Recorded data:
[Start of section]

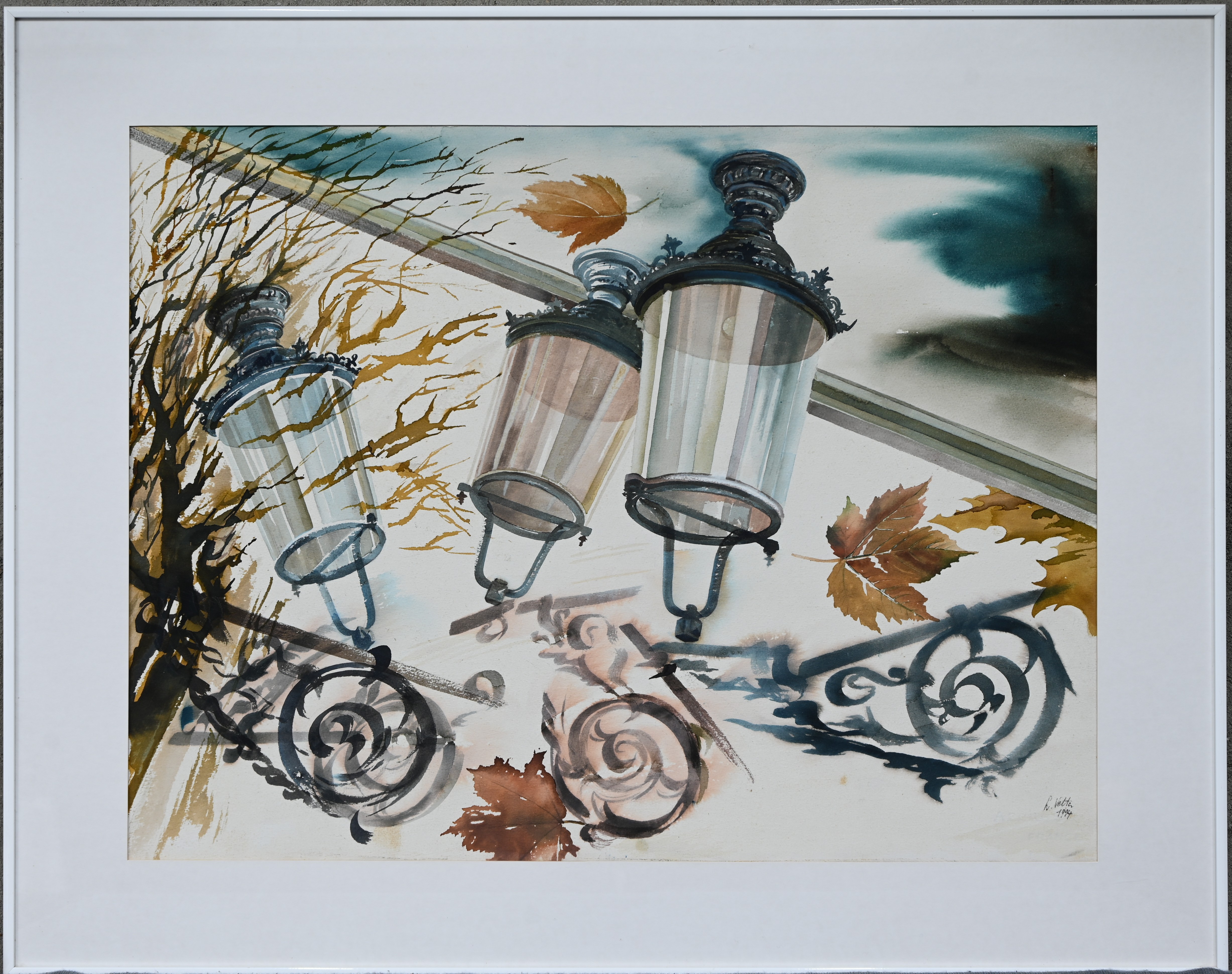 “Stormlampen”. Een schilderij, aquarel op papier. Onderaan gesigneerd en gedateerd.
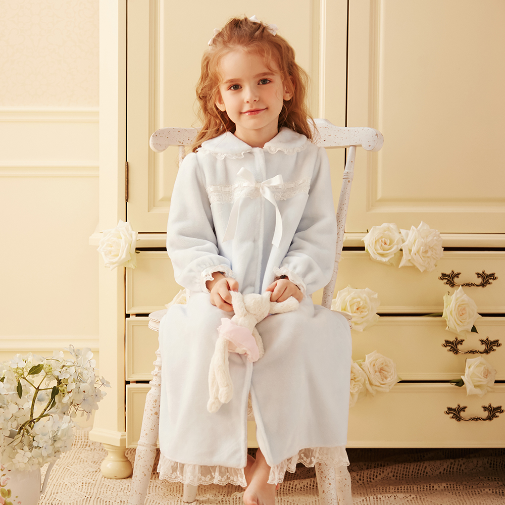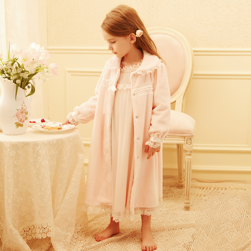 RoseTree girls nightgown flannel autumn and winter children's pajamas little girl princess baby coral fleece bathrobe
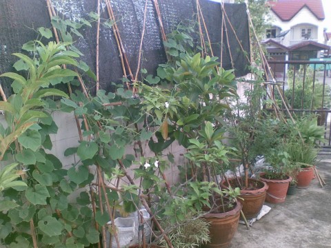 เมื่อวานนี้แหม่มปีนข้ามรั้วไปรดปุ๋ยจุลินทรีย์ที่บ้านเดี่ยว มีผู้หญิงอยู่ในหมู่บ้านมายืนเรียกแหม่ม เพื่อขอเก็บยอดกระถินกิน แหม่มก็เลยชวนเธอเข้ามาในบ้านแหม่มเพื่อโชว์สวนครัวเรา พี่แซมเธอตื่นเต้นใหญ่เลยว่าแหม่มปลูกผักในกระสอบได้อย่างไร แหม่มก็เลยตัดผักบุ้งจีนให้กำใหญ่ และแถมถั่วงอกที่แหม่มเพาะเองอีกครึ่งกิโล+ยอดกถินอีกหนึ่งกำใหญ่ เขาไม่ได้ขอแต่แหม่มให้เองมันเป็นความสุขที่เราได้แบ่งปัน รู้ไหมค่ะเธอพูดว่าไง? หนูไม่รู้ว่าพี่ปลูกผักเป็น วันๆเห็นพี่แต่งตัวสวยอยู่แต่ในห้องแอร์ เฮ้อ...ไม่รู้ว่าเขาชมหรือว่านิ? :confused:
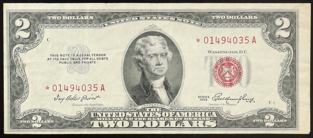 1953 United States $2 Two Dollar Legal Tender Note - Red Seal
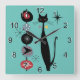 Retro Atomic Era Mid Century Modern MCM Cool Cat 3 Square Wall Clock
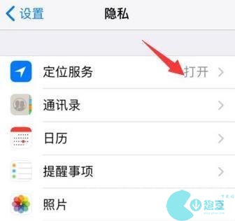 3、之后再进到隐私,打开你的“定位服务”。
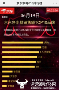 再说说净水器,还记得去年净水器品牌的拼杀非常激烈。美的、沁园、小米、海尔、A.O史密斯,各家好手都互不相让。最终沁园终于按耐不住率先出手,请来偶像明星、暖心老爸吴尊进行助阵,最终在6月15日京东家电618销售排行榜净水器品类榜单上力压群雄、一举夺魁。可经过跌落起伏之后,在接近618尾声阶段,美的再次将净水器冠军的位置夺回,沁园也同样反超小米,这场争夺战实在是太精彩了。今年的榜单,让我们非常惊喜的是,小米从去年的老三一跃成为净水器的销量头牌,硬生生将美的和沁园甩在了第三位。但是,美的和小米的销量看起来差距真的很小,这次美的能否像去年一样霸气回旋,沁园又是否会有大招等着我们呢?
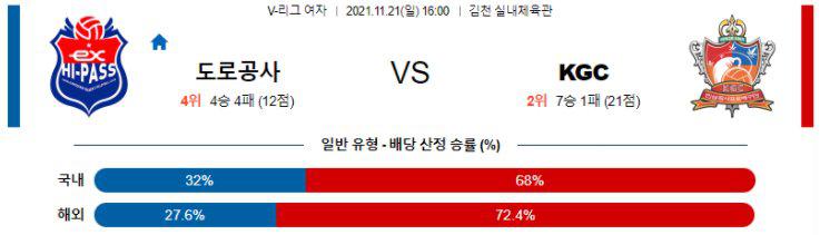 직전경기 승리는 기록했지만 이소영의 경기력에 아쉬움이 있었고 전체적인 경기력이 좋았다고 볼수 없었던 KGC인삼공사 였다. 박정아가 외국인 선수가 후위에 있을때 전위에서 마침표를 찍어주는 각성의 플레이를 선보일 것으로 기대된다. 도로공사 승리 가능성을 추천 한다.
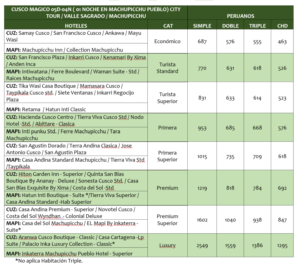 - El hotel en Machupicchu pueblo es más básico a pesar de la misma categoría que los Hoteles en Cusco.
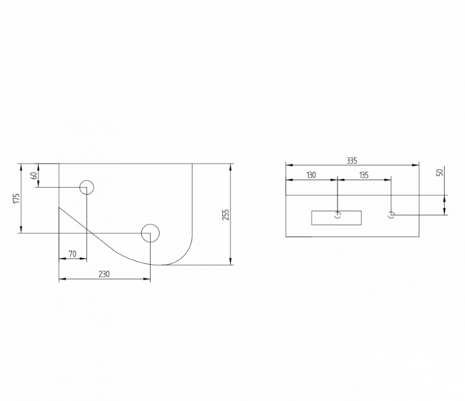 1) Столешница под раковину AеT C115 Top Hand подвесная с держателем полотенец левая белый
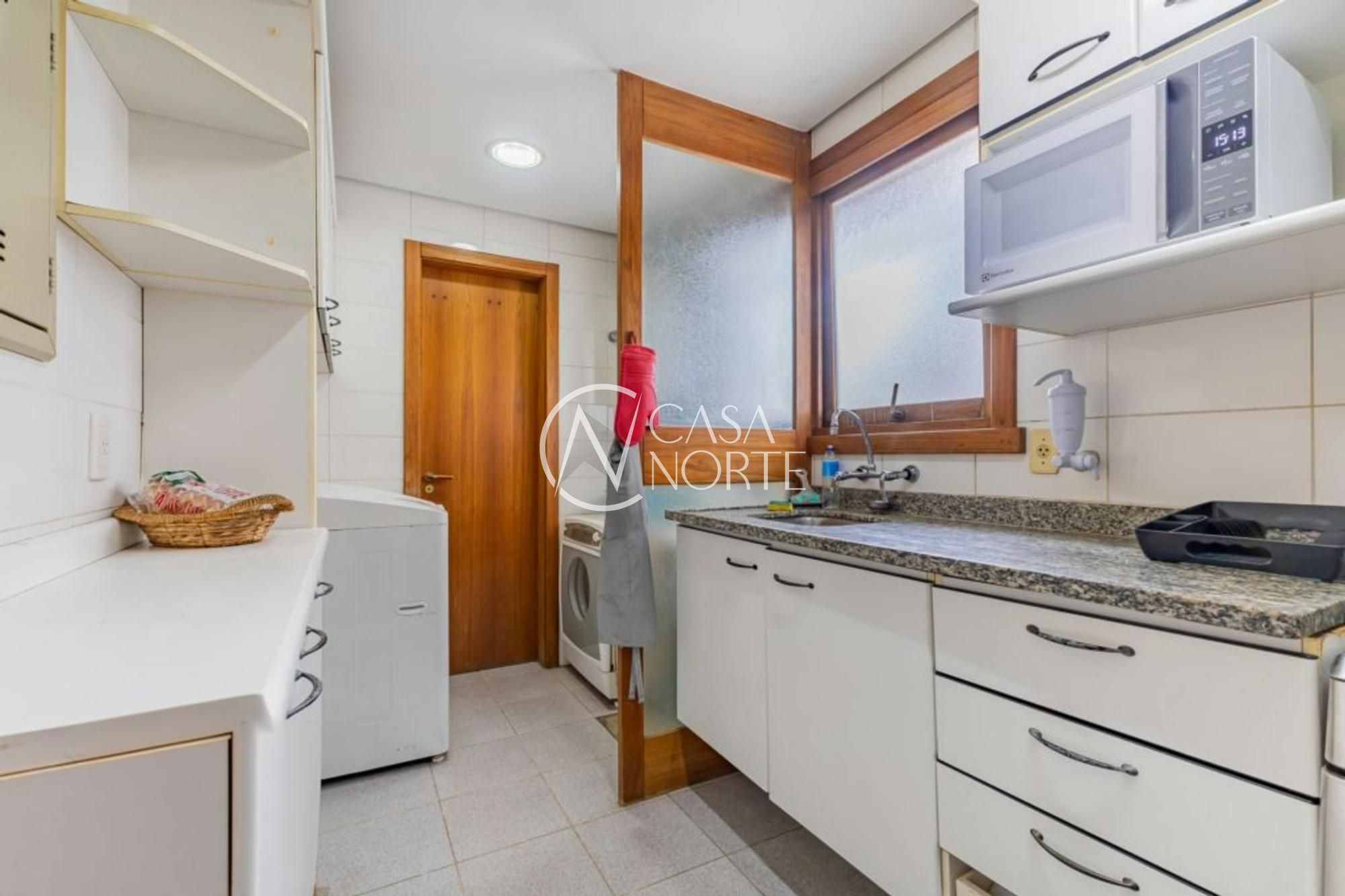 Cozinha planejada, espaçosa e ventilada. Área de serviço individual e ensolarada.
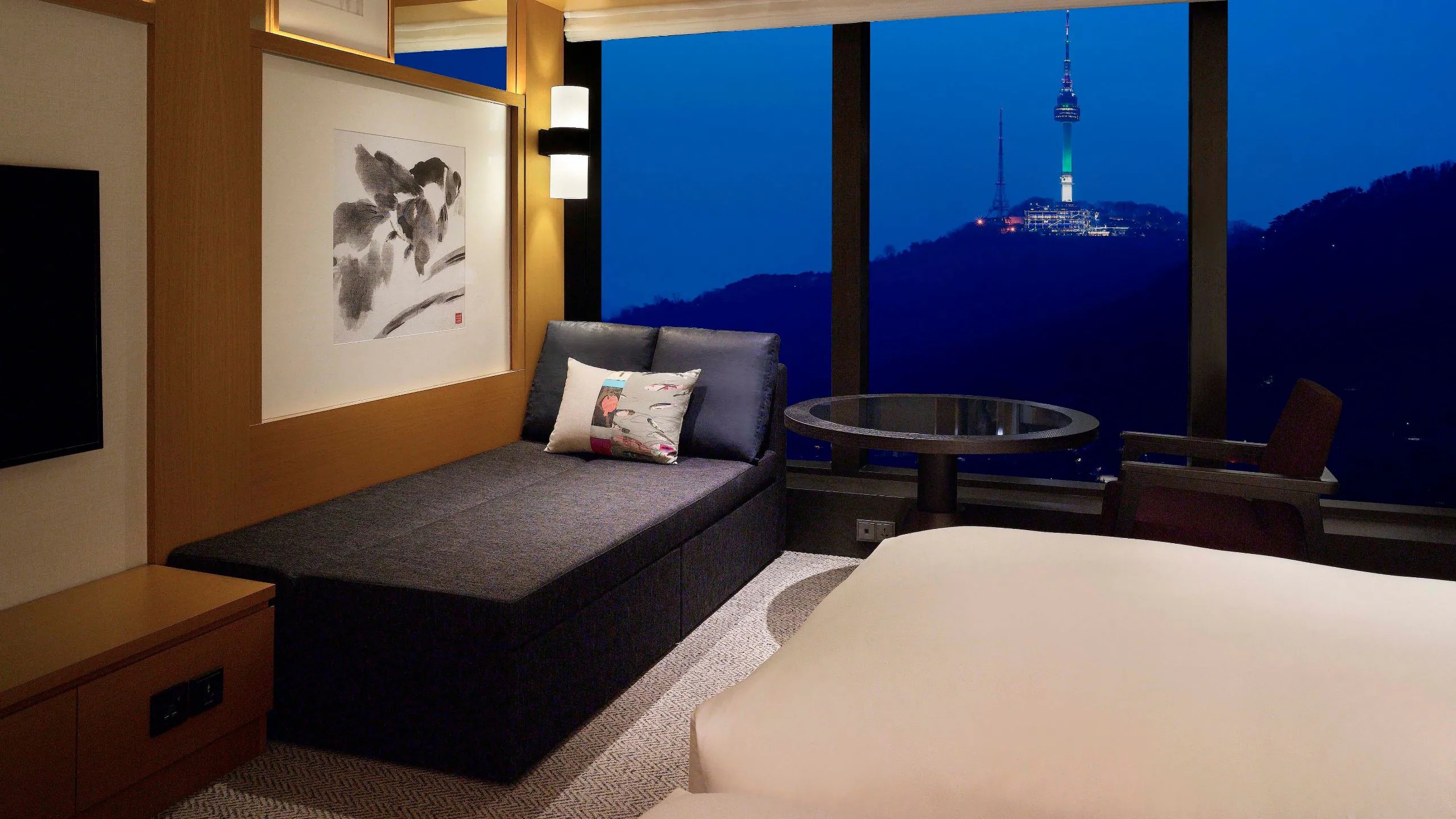 남산과 도시의 파노라마 전망을 자랑하는 모던한 객실입니다. 트윈베드 2개와 소파베드가 마련되어 있으며 고층에 위치해 있습니다.
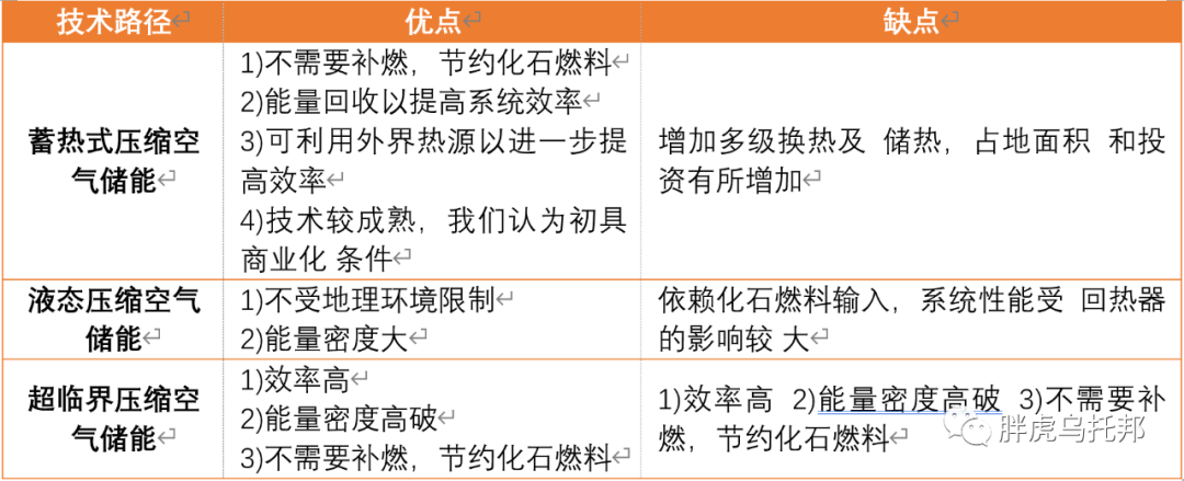 压缩空气储能,有点类似抽水储能,在存储时,消耗电能,压缩空气。在释放电能时,释放压缩空气,推动汽轮机发电。它是一种能够实现大容量和长时间电能存储的技术。目前最主要的新型压缩空气储能系统主要有三个新的技术路径:蓄热式压缩空气储能(TS-CAES)、液态压缩空气储能系统(LAES)、超临界压缩空气储能系统(SC-CAES)。三种不同的技术路径优劣势对比如下:
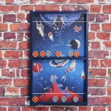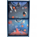 Dzięki wymiennemu środkowi łatwo dobierzesz trudność: klasyczny jeden centralny otwór do ćwiczenia precyzji lub bardziej wymagająca deska z dwoma otworami poza środkiem dla doświadczonych strzelców. Solidna drewniana konstrukcja, płynny ślizg krążków i retro kosmiczna grafika gwarantują długotrwałą zabawę i stylowy wygląd planszy.
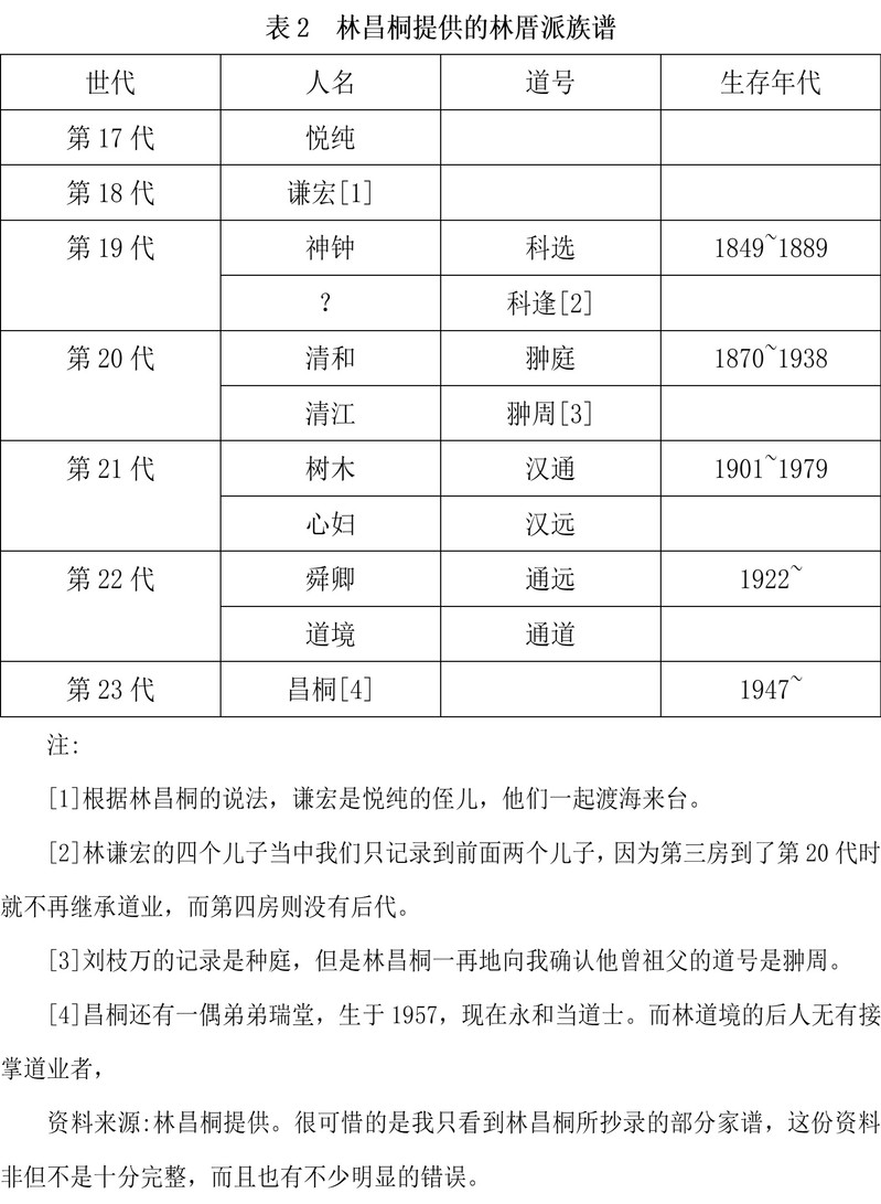 虽然表2兴林厝族谱或是刘枝万所说的不甚相符,但是也不致相差太远。另外从林厝的派诗也可看出他们请神仪式中所召请的祖师道号是:忠、正、演、金、科、翀、汉、通、玄、蕴。

[End of section]

EXERCISE AIM: If an entry contains a picture, leave it out and repeat the rest exactly.

EXERCISE RESPONSE:
 “Stormlampen”. Een schilderij, aquarel op papier. Onderaan gesigneerd en gedateerd.
 RoseTree girls nightgown flannel autumn and winter children's pajamas little girl princess baby coral fleece bathrobe
 เมื่อวานนี้แหม่มปีนข้ามรั้วไปรดปุ๋ยจุลินทรีย์ที่บ้านเดี่ยว มีผู้หญิงอยู่ในหมู่บ้านมายืนเรียกแหม่ม เพื่อขอเก็บยอดกระถินกิน แหม่มก็เลยชวนเธอเข้ามาในบ้านแหม่มเพื่อโชว์สวนครัวเรา พี่แซมเธอตื่นเต้นใหญ่เลยว่าแหม่มปลูกผักในกระสอบได้อย่างไร แหม่มก็เลยตัดผักบุ้งจีนให้กำใหญ่ และแถมถั่วงอกที่แหม่มเพาะเองอีกครึ่งกิโล+ยอดกถินอีกหนึ่งกำใหญ่ เขาไม่ได้ขอแต่แหม่มให้เองมันเป็นความสุขที่เราได้แบ่งปัน รู้ไหมค่ะเธอพูดว่าไง? หนูไม่รู้ว่าพี่ปลูกผักเป็น วันๆเห็นพี่แต่งตัวสวยอยู่แต่ในห้องแอร์ เฮ้อ...ไม่รู้ว่าเขาชมหรือว่านิ? :confused:
 1953 United States $2 Two Dollar Legal Tender Note - Red Seal
 Retro Atomic Era Mid Century Modern MCM Cool Cat 3 Square Wall Clock
 3、之后再进到隐私,打开你的“定位服务”。
 再说说净水器,还记得去年净水器品牌的拼杀非常激烈。美的、沁园、小米、海尔、A.O史密斯,各家好手都互不相让。最终沁园终于按耐不住率先出手,请来偶像明星、暖心老爸吴尊进行助阵,最终在6月15日京东家电618销售排行榜净水器品类榜单上力压群雄、一举夺魁。可经过跌落起伏之后,在接近618尾声阶段,美的再次将净水器冠军的位置夺回,沁园也同样反超小米,这场争夺战实在是太精彩了。今年的榜单,让我们非常惊喜的是,小米从去年的老三一跃成为净水器的销量头牌,硬生生将美的和沁园甩在了第三位。但是,美的和小米的销量看起来差距真的很小,这次美的能否像去年一样霸气回旋,沁园又是否会有大招等着我们呢?
 직전경기 승리는 기록했지만 이소영의 경기력에 아쉬움이 있었고 전체적인 경기력이 좋았다고 볼수 없었던 KGC인삼공사 였다. 박정아가 외국인 선수가 후위에 있을때 전위에서 마침표를 찍어주는 각성의 플레이를 선보일 것으로 기대된다. 도로공사 승리 가능성을 추천 한다.
 - El hotel en Machupicchu pueblo es más básico a pesar de la misma categoría que los Hoteles en Cusco.
 1) Столешница под раковину AеT C115 Top Hand подвесная с держателем полотенец левая белый
 Cozinha planejada, espaçosa e ventilada. Área de serviço individual e ensolarada.
 남산과 도시의 파노라마 전망을 자랑하는 모던한 객실입니다. 트윈베드 2개와 소파베드가 마련되어 있으며 고층에 위치해 있습니다.
 压缩空气储能,有点类似抽水储能,在存储时,消耗电能,压缩空气。在释放电能时,释放压缩空气,推动汽轮机发电。它是一种能够实现大容量和长时间电能存储的技术。目前最主要的新型压缩空气储能系统主要有三个新的技术路径:蓄热式压缩空气储能(TS-CAES)、液态压缩空气储能系统(LAES)、超临界压缩空气储能系统(SC-CAES)。三种不同的技术路径优劣势对比如下:
 Dzięki wymiennemu środkowi łatwo dobierzesz trudność: klasyczny jeden centralny otwór do ćwiczenia precyzji lub bardziej wymagająca deska z dwoma otworami poza środkiem dla doświadczonych strzelców. Solidna drewniana konstrukcja, płynny ślizg krążków i retro kosmiczna grafika gwarantują długotrwałą zabawę i stylowy wygląd planszy.
 虽然表2兴林厝族谱或是刘枝万所说的不甚相符,但是也不致相差太远。另外从林厝的派诗也可看出他们请神仪式中所召请的祖师道号是:忠、正、演、金、科、翀、汉、通、玄、蕴。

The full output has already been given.